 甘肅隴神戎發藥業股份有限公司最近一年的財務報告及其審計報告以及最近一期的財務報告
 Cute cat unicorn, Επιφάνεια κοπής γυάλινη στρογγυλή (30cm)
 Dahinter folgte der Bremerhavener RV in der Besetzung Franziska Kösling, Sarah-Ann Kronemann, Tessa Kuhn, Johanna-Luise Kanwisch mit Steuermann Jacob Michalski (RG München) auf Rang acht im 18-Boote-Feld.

---

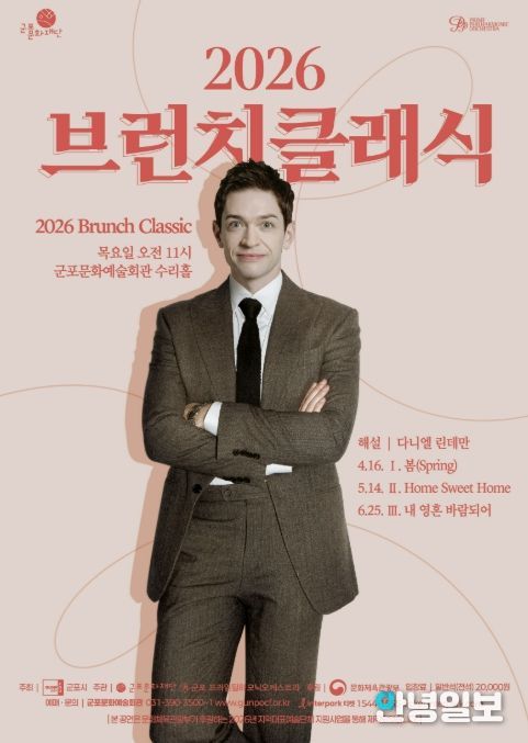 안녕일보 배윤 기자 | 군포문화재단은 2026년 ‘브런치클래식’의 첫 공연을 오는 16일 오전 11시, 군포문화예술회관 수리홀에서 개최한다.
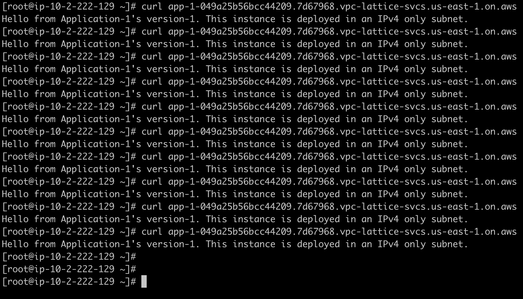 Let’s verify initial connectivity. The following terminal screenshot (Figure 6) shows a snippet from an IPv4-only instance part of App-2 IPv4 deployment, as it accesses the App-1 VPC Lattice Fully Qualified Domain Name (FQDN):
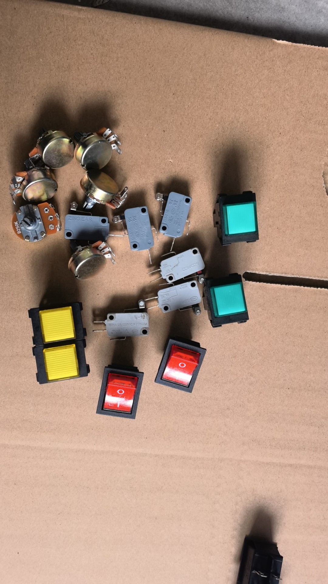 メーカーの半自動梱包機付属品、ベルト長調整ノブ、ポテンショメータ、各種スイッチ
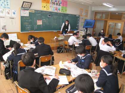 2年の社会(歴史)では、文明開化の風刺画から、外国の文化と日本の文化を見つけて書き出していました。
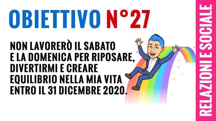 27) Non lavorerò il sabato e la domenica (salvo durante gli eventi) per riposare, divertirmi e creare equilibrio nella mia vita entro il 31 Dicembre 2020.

---

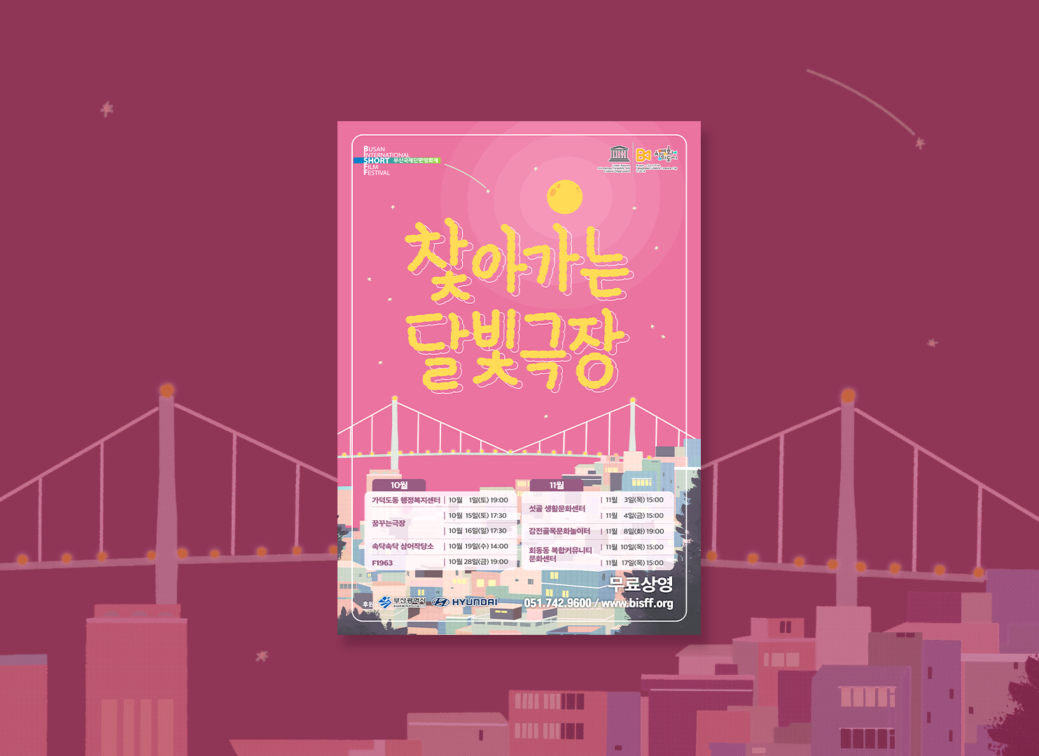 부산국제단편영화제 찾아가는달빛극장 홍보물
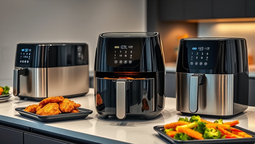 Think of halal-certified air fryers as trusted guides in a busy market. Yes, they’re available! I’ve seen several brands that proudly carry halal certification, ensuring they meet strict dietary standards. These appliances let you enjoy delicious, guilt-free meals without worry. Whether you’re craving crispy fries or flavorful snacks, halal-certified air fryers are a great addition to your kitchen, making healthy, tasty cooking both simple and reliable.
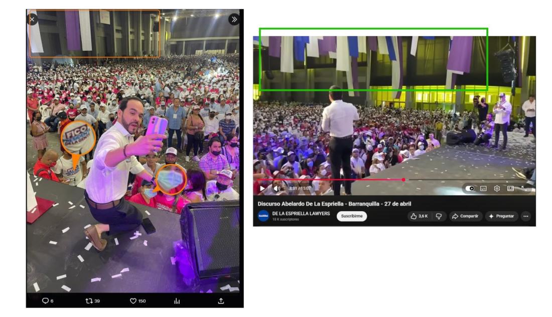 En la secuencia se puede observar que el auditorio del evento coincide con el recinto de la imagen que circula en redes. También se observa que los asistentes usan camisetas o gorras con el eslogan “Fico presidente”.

Task details:
Beginning with the line containing "甘肅隴神戎發藥業股份有限公司" and ending with the line containing "Dahinter folgte der", extract those lines exactly from the listing above, and only those.

Completed task:
 甘肅隴神戎發藥業股份有限公司最近一年的財務報告及其審計報告以及最近一期的財務報告
 Cute cat unicorn, Επιφάνεια κοπής γυάλινη στρογγυλή (30cm)
 Dahinter folgte der Bremerhavener RV in der Besetzung Franziska Kösling, Sarah-Ann Kronemann, Tessa Kuhn, Johanna-Luise Kanwisch mit Steuermann Jacob Michalski (RG München) auf Rang acht im 18-Boote-Feld.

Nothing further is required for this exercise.